Automatic Document Redaction with PDFpen

I've been thinking a bit about my scanning workflow. It was prompted by this excellent episode of the Technical Difficulties podcast. On that show, Gabe discussed how he's careful about now not scanning anything to a cloud service that has confidential information such as account numbers, social security numbers, etc. There was later discussion on as to whether the process of redacting this information from scans could be automated.

It can - thanks to my good friends at Smile. For several versions now, PDFpen has had the ability to search a file for a string of text and redact that text. However, this functionality was not accessible via AppleScript. I begged with them to make it so. They came through in PDFpen version 6.
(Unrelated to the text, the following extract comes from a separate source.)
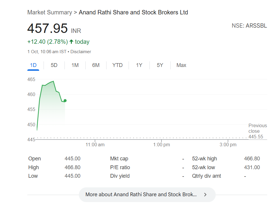 Anand Rathi Share and Stock Brokers Ltd (NSE: ARSSBL) surged to INR 457.95, up INR 12.40 (2.78%) as of 10:06 AM IST on October 1, 2025. The company recently launched an INR 745 crore issue for subscription from September 23 to 25, which saw overwhelming interest—subscribed 20.66 times overall. The Qualified Institutional Investors portion was subscribed 43.8 times, Non-Institutional Investors 28.6 times, and Retail Investors 4.78 times. With over 30 years of experience, Anand Rathi offers full-service broking, margin trading, and distribution of financial products across equities, derivatives, commodities, and currency markets. Serving retail, HNIs, UHNI, and institutional clients, the company continues to strengthen its position in India’s financial services sector. Stocks to Buy or Sell Today, October 01, 2025: Adani Total Gas, Lupin, Indian Overseas Bank Among Shares That May Remain in Focus on Wednesday.

Here's A script created by Greg Scown, the co-founder of Smile and modified (slightly) by me. I use this in combination with Hazel to search a PDF document for string of texts. Before I give you the script, a couple of warnings:

  1. The searching only works if the document has been OCR'ed. Otherwise there's no information for it to read. If documents aren't OCR'ed by your scanner, you may want to OCR the documents with PDFpen before performing the search

  2. Be aware that confidential information comes in different variations. For example, soemtimes my social security number will be on a document as "123456789" and other times it will be "123-45-6789" or sometimes it will be "123 45 6789" so look for this and redact accordingly.

  3. Unfortunately, PDFpen doesn't support a string of searches to allow you to redact multiple items with a single script. To get around this, I'll modify and repeat this AppleScript within the same Hazel Rule as necessary to make sure I cover all variations of the data to be redacted.

  4. Once redacted, the information is gone. So if you would ever need the document with the confidential information in tact, you should save a copy elsewhere before performing redaction.

  5. Most importantly - automated redaction isn't perfect. So make sure you review your documents before you send off any sensitive information.

Here's the AppleScript I use in Hazel:

tell application "PDFpenPro 6"
open theFile as alias
tell document 1
search string "ENTER TEXT HERE"
repeat while performing search
delay 0.1
end repeat
redact with block
repeat while performing redaction
delay 0.1
end repeat
delay 1
close with saving
end tell
tell application "PDFpenPro 6"
quit
end tell
end tell